Detected with aspirin asthma, a decrease in the level of selenium in the blood serum and, as a result, a decrease in the activity of the selenium-dependent antioxidant defense enzyme (glutamine peroxidase) in platelets can contribute to the activation of lipid peroxidation processes, which leads to deep disturbances in membrane structures. So, a study of ADP- and heparin-induced platelet aggregation, conducted in the hospital clinic of them. M.V. Chernorutsky together with the Department of Pathological Physiology of St. Petersburg State Medical University named after Acad. I.P. Pavlov, showed an increase in the functional activity of platelets and their sensitivity to the addition of ASA, which was combined with severe disturbances in capillary circulation in the lungs and the function of external respiration. A hypothesis has been formed about the role of platelets in the pathogenesis of aspirin asthma, according to which patients with AA have a congenital or acquired defect in the membrane-receptor complex of platelets. Acetylsalicylic acid for patients with AA is a causative agent that exacerbates an existing defect, which leads to the opening of ion permeability channels for calcium and, as a result, to platelet activation. Thus, according to some researchers, the addition of non-steroidal anti-inflammatory drugs to a platelet suspension led to increased chemiluminescence and the release of factors exhibiting a cytotoxic effect. Platelet activation is the basis for triggering a cascade of reactions leading to bronchospasm, vasospasm, interstitial pulmonary edema, edema of the mucous membrane of the distal bronchi, the development of bronchial obstruction syndrome and, as a result, severe disturbances in the function of external respiration. The therapeutic effect of aspirin desensitization in patients with AA at the Department of Hospital Therapy of St. Petersburg State Medical University named after Acad. I.P. Pavlova, apparently, is associated with changes in the lipid microenvironment of receptors on platelets in the process of adaptation to the stress agent aspirin. It is known that during desensitization in the membranes, the destruction of phosphatidylcholine occurs and the accumulation of its decomposition products – lysophosphatidylcholine and arachidonic acid.  
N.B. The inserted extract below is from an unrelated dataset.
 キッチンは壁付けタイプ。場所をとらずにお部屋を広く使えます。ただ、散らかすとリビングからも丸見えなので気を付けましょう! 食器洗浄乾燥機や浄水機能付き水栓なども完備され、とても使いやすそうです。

Repeated periodic activation of LP can not only lead to a decrease in the number of receptors , but also induce the synthesis of antioxidant enzymes, thereby increasing tissue resistance to the LPO inducer. It was found that when the effect of desensitization is achieved, in parallel with the normalization of the functional activity of platelets, a tendency to a decrease in their sensitivity to ASA added in vitro appears. It is possible that stabilization of the membrane-receptor complex of platelets and an increase in the activity of membrane-bound enzymes occur, which ultimately helps to improve microcirculation in the lungs and indicators of the function of external respiration. Thus, the development of aspirin asthma is based on a set of congenital or acquired biological defects (decreased activity of antioxidant defense enzymes and a violation of the membrane-receptor complex of platelets), and their clinical implementation is determined by the specifics of the damaging agent (aspirin) and is characterized by impaired capillary circulation and lung ventilation. 
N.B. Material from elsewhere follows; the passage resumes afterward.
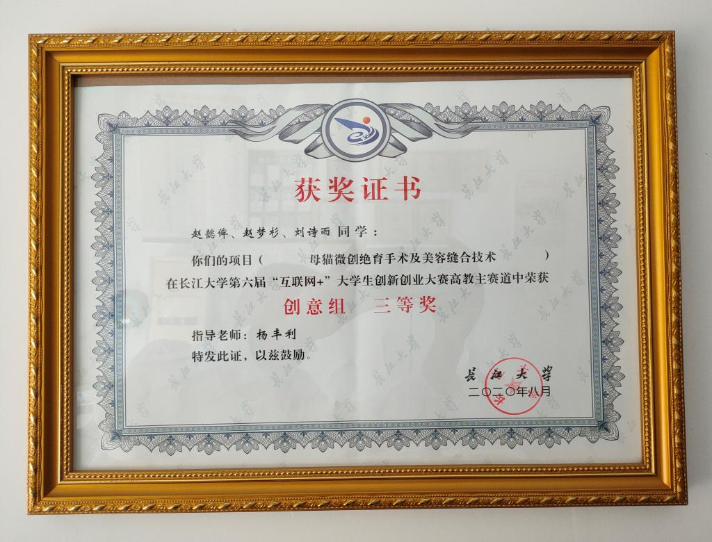 该成果于2017年始申请并立项英国365集团网站老员工创新创业项目,经过三年的研究讨论、查阅资料、无数次的实践,在2020年8月获得英国365集团网站创意组三等奖。经过2020年和2021年两年期间将犬猫绝育手术切口由常规的4CM以上缩减至0.6CM,美容缝合技术经3次改良,最终形成杨氏缝合法。命名为杨氏缝合法是借鉴《兽医外科手术学》中缝合方法的名称,如伦勃特氏缝合法、库兴式缝合法、康乃尔氏缝合法等。

A study of the pathogenesis of aspirin asthma makes it possible to understand that the release of prostaglandins and leukotrienes is a central and universal mediator in the development of inflammatory diseases of the lungs and bronchi. The specificity and severity of the clinical manifestations of certain diseases are determined by the characteristics of the damaging agent, the totality of biological defects at the cellular and tissue levels, as well as the reactivity of the organism as a whole. Studying the role of AK metabolites in the genesis of inflammatory reactions allows us to determine the strategy of therapy in the early stages of bronchopulmonary diseases.